Наш лейтенант Куркин, по прозвищу Туз Малиновый, страстный любитель фуражек и баб, применял к нему всю доступную педагогику: часами гонял "бегом", "ложись" и "по-пластунски". Не помогало. Студентик был способен на любое вредительство: то начинал маршировать с правой ноги, то его руки двигались противоестественным образом (у людей нога вперед - рука назад, а у Эпштейна руки, как пришитые к бедрам: куда рука, туда и нога).

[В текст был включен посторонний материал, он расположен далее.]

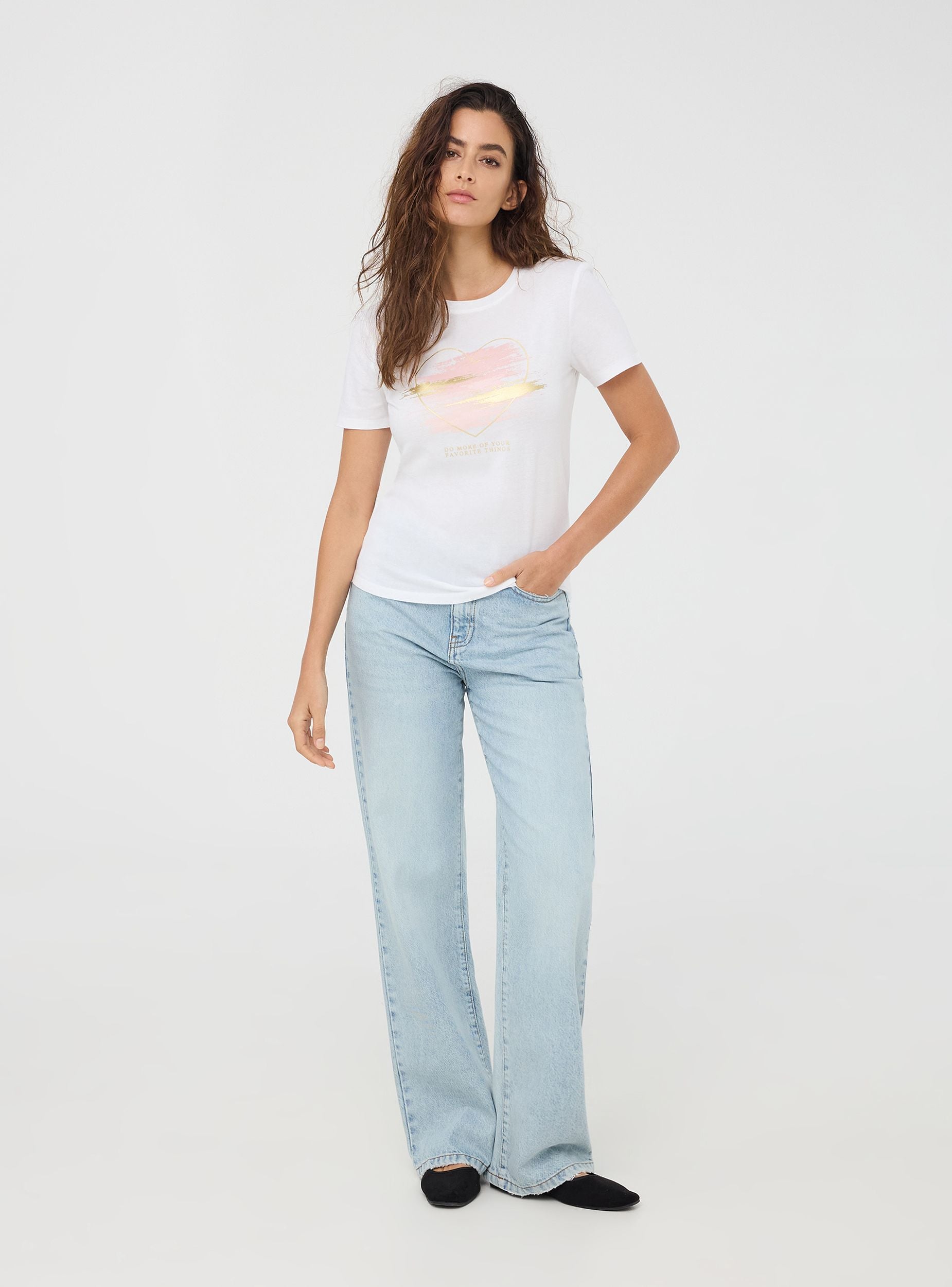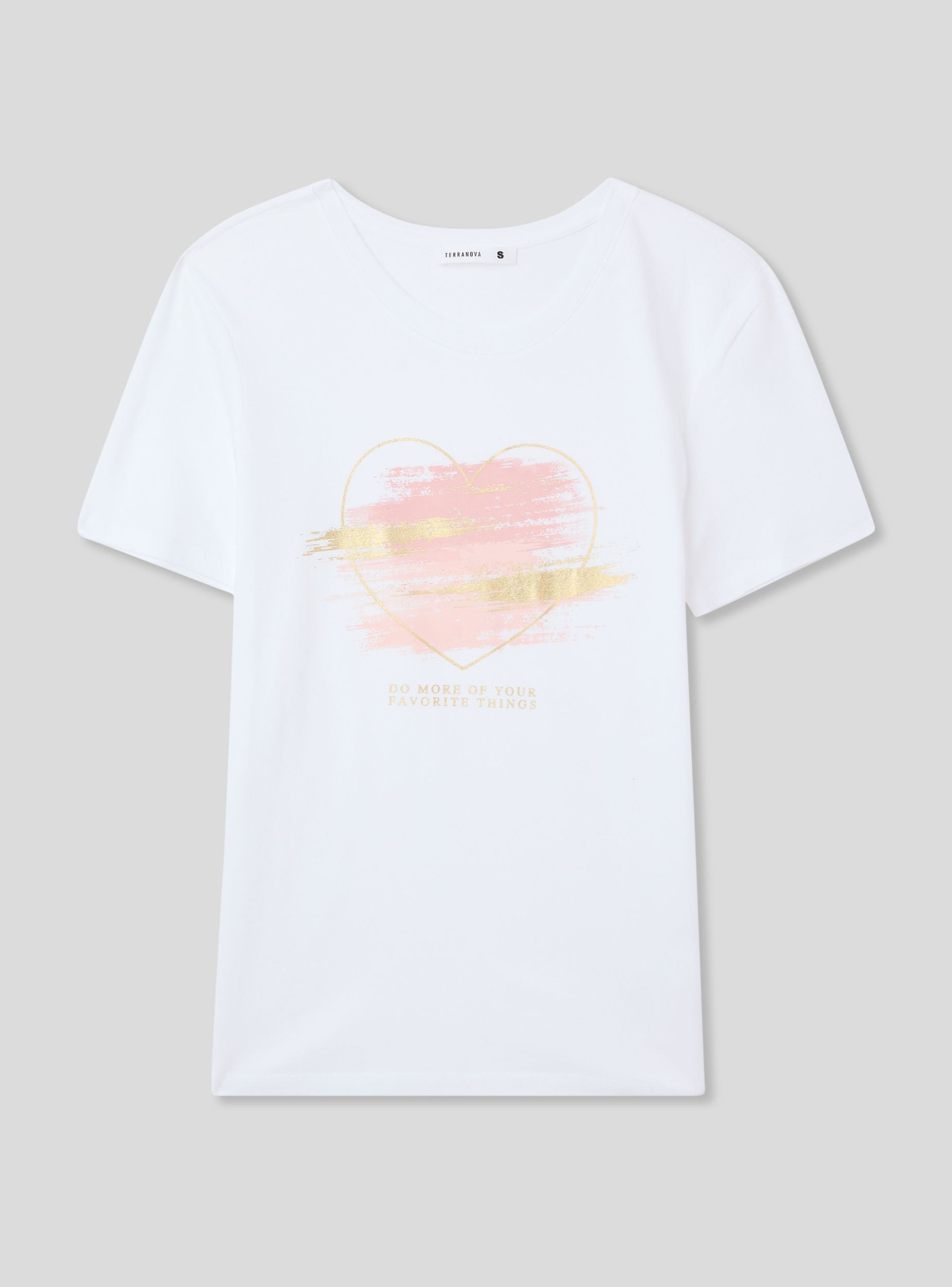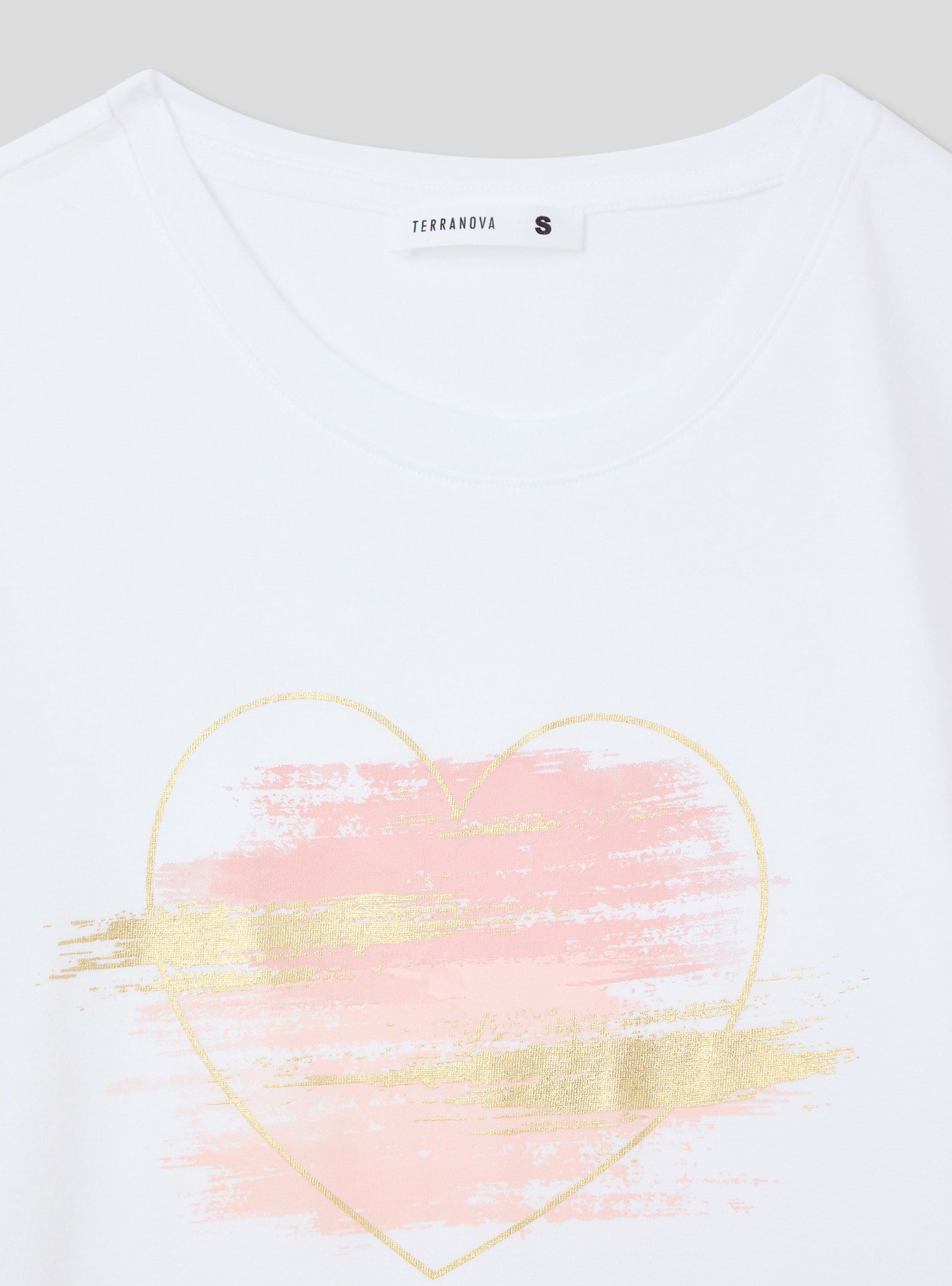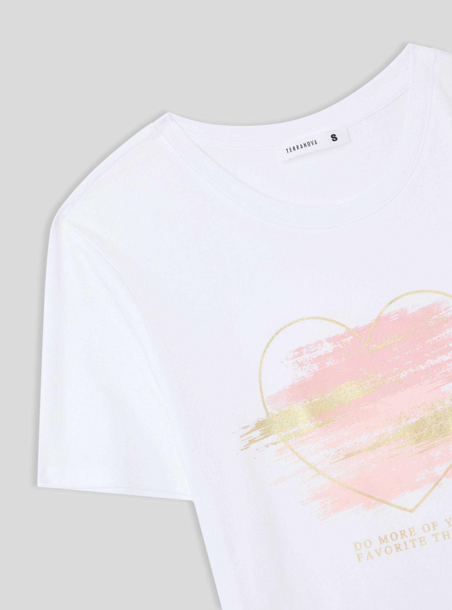 Maglietta da donna con girocollo e maniche corte, caratterizzata da una stampa laminata che aggiunge un tocco brillante e moderno al design. Il motivo a cuori stilizzati dona un aspetto romantico e delicato, perfetto per un look casual ma con un dettaglio che cattura l'attenzione. Questa t-shirt si abbina facilmente a jeans, shorts o gonne per creare outfit versatili e femminili.Dettagli

Чему их там учили в университете, если Эпштейну не давалась элементарная логика: по команде "равняйсь" правое ухо должно быть выше левого...
Кончилось тем, что по команде Туза Малинового Эпштейн бегом и по-пластунски вдруг, ни с того ни с сего, удрал за границу.
Напрасно Туз Малиновый орал "отставить" – Эпштейна растрогали только слезы лейтенанта, когда тот умолял его вернуться во избежание, конечно, международного конфликта.
И правда, Туз Малиновый принял беглеца, как блудного сына, – назначил помощником повара.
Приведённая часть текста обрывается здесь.